This kind of connection data is exploding in volume and variety.  Thus, graph databases are here to stay as a vital mechanism for managing data.  In some enterprises, graph databases are even replacing relational databases as the primary database of record. 

What are Property Graphs?

Property graphs have the normal characteristics of mathematical directed graphs in that they consist of vertices (a.k.a. nodes) and directed edges.  Each edge connects two vertices, has a type, and can have one or more properties.   Each property is a key-value pair.  The ability to type an edge and attach properties to it increases the semantic expressiveness of directed graphs. 

Figure 1: A Property Graph

For example, in the property graph that Figure 1 depicts, the edge with the type  “Knows” connects two vertices labeled “John R Peterson” and “Frank T Smith” and the Knows edge has two properties that are the key-value pairs <Provenance, “Mary L Jones”> and <Confidence Percent,70>.   This property graph represents the following information:

  • John R Peterson knows Frank T Smith
  • The provenance of the assessment that John knows Frank is attributed to Mary L Jones; in other words, Mary is responsible for that assessment
  • The assessment that John knows Frank has a 70 percent confidence level (so it is not at all certain).
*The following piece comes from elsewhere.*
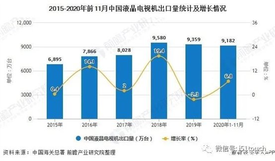 2015-2020年前11月中国液晶电视机出口量统计及增长情况
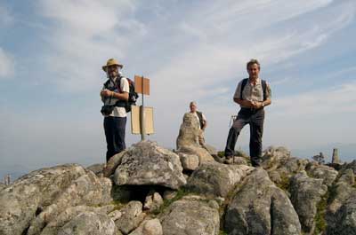 Posando en A Pedra do Acordo. Foto de familia con los del Veterum y Dietmar al fondo, con su acordeón.

There are no official standards for property graphs, but a number of property graph tools use Blueprints, which is an API for manipulating and querying property graphs.  

Quick Overview of RDF

RDF is a system for representing directed graphs.  RDF has the notion of a logical triple, which consists of a subject, a predicate, and an object.  In a triple, the subject and object are vertices and the predicate is the edge that connects the subject and object.  The roles of subject and object imply the direction of the edge, which is from subject to object. 

An RDF graph consists of a set of triples.  A database that contains RDF graphs is called a triple store.
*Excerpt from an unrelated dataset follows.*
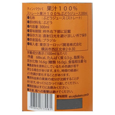 ティンバウバ ストレート果汁100%ぶどうジュース300ml

RDF is designed to work on the World Wide Web.  A triple’s subject and predicate are IRIs (Internationalized Resource Identifiers), which are URIs that use the Universal Character Set.  A triple’s object can be either an IRI or a literal such as a string or a number.

The W3C has standardized several concrete syntaxes for representing RDF graphs, including an XML-based syntax, a JSON-based syntax, a terse syntax called Turtle that dispenses with angle brackets, and another non-XML syntax called N-Triples.  These syntaxes are all textual in nature.  There is no standard for representing RDF graphs graphically, although there are tools that do so.
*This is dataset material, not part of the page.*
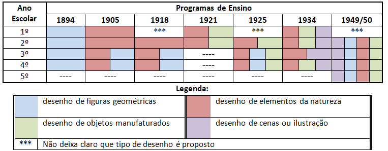 Mediante a figura, como destaca Trindade (2018), observa-se que, ao longo dos programas, as propostas foram alteradas. Constata-se que as propostas se reconfiguram de tempos em tempos. De caráter geral e num exame cronológico, nota-se que, em 1894, a prioridade se concentrava nos desenhos de formas geométricas; em 1905 e 1918, tem-se, além de referências a desenho de modelos geométricos postos ao 3º. e 4º. anos, a sugestão de um novo formato de desenho, de elementos da natureza, como frutas, flores, animais e paisagens. Em 1921, além de observar incidências a esses elementos da natureza, aparecem pela primeira vez prescrições de desenhos de objetos manufaturados, considerados aqui com aqueles que faziam menção a artefatos produzidos pelo homem, como cadeira, casas, igrejas etc.
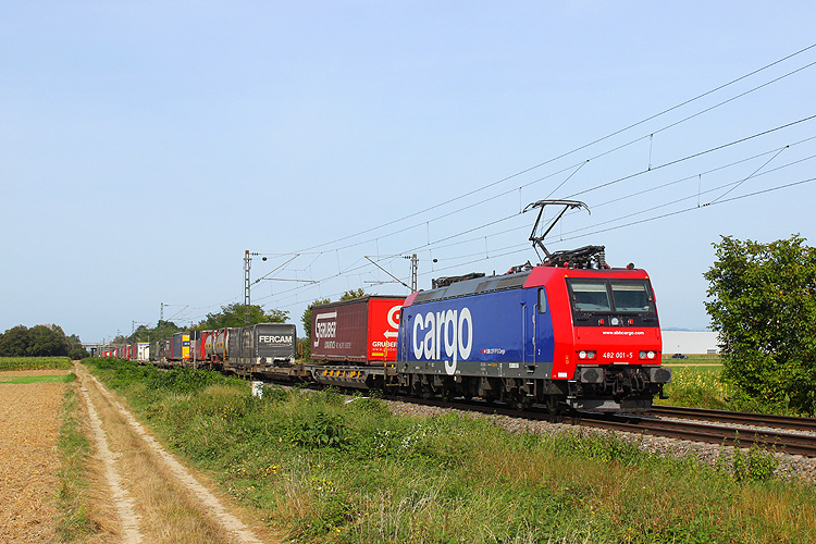 Nach einem kurzen, lichtbedingten Stellungswechsel ging es bei Buggingen weiter. SBB Cargo 482 001 fuhr mit einem KLV in Richtung Basel. |

The W3C has also standardized a query language called SPARQL for extracting information from RDF triple stores.  SPARQL bears some superficial resemblance to SQL, but its structure and syntax are all about triples.  For example, you can use SPARQL to search a triple store for triples that have Knows for the predicate.

Using RDF for Property Graphs

It is quite straightforward and intuitive to represent property graphs as RDF triples. 

Encoding Property Graphs in RDF – The Basics

An RDF representation of Figure 1’s property graph has the following three triples:

Subject: John R PetersonPredicate: KnowsObject: Frank T Smith
Subject: Triple #1  Predicate: Confidence Percen Object: 70 (Literal)
Subject: Triple #1 Predicate: Provenance  Object: Mary L Jones (Literal)

Note that we can assign an IRI to represent a triple, and that is why a triple can serve as the subject of another triple (and can serve as the object of a triple as well).  There are several techniques for assigning an IRI to a triple. 

As mentioned earlier, vertices in property graphs can also have properties.  RDF can handle such properties. 

Overcoming Traditional Property Graph Limitations

We have established that RDF is perfectly capable of representing property graphs that are as expressive as the graphs that traditional property graph tools and systems support.  It is now time to explore how RDF enables property graphing to go beyond what the traditional tools and systems can do.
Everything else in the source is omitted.